## Your instructions
With pictures left out, copy exactly every line from the one containing "華厳の滝にエレベーターで降りる前に売店でお土産を買う児童もいます。" through the end of the material.

## Data section
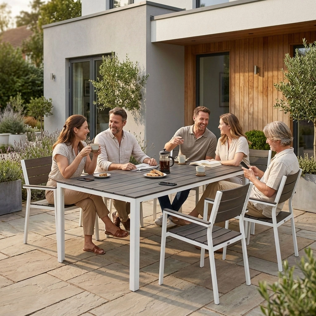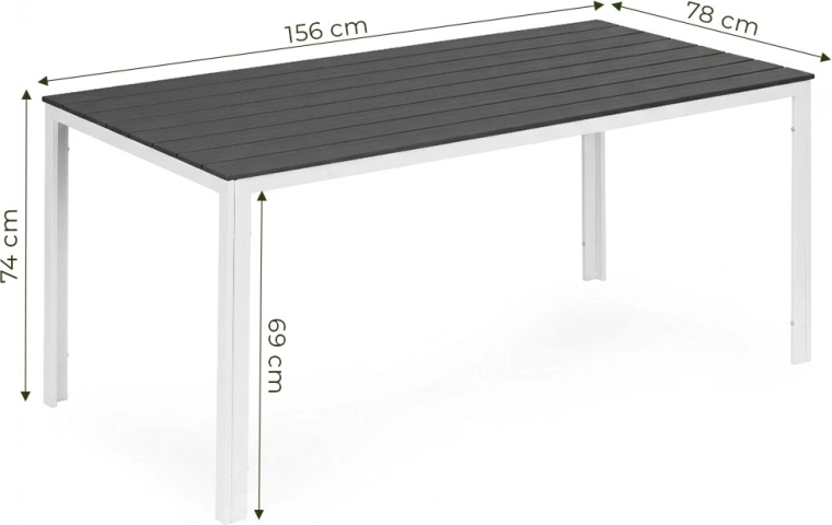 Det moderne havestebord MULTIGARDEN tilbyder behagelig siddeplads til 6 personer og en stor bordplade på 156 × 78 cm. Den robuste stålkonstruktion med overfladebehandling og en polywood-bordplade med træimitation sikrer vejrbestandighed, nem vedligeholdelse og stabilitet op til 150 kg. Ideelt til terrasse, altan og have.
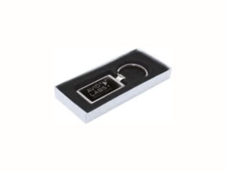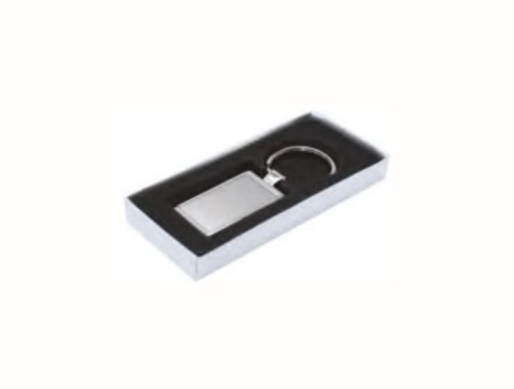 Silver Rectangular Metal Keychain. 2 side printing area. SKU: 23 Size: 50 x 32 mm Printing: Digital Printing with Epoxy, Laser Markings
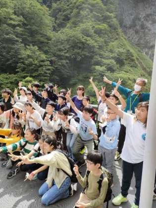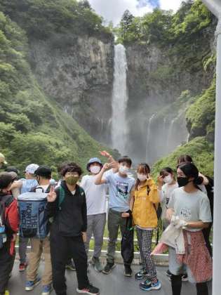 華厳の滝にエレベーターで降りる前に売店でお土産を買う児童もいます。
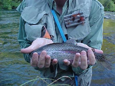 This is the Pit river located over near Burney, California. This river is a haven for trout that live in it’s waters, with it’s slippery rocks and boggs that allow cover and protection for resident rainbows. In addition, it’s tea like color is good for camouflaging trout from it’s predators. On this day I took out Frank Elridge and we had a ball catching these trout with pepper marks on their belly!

## Task output
 華厳の滝にエレベーターで降りる前に売店でお土産を買う児童もいます。
 This is the Pit river located over near Burney, California. This river is a haven for trout that live in it’s waters, with it’s slippery rocks and boggs that allow cover and protection for resident rainbows. In addition, it’s tea like color is good for camouflaging trout from it’s predators. On this day I took out Frank Elridge and we had a ball catching these trout with pepper marks on their belly!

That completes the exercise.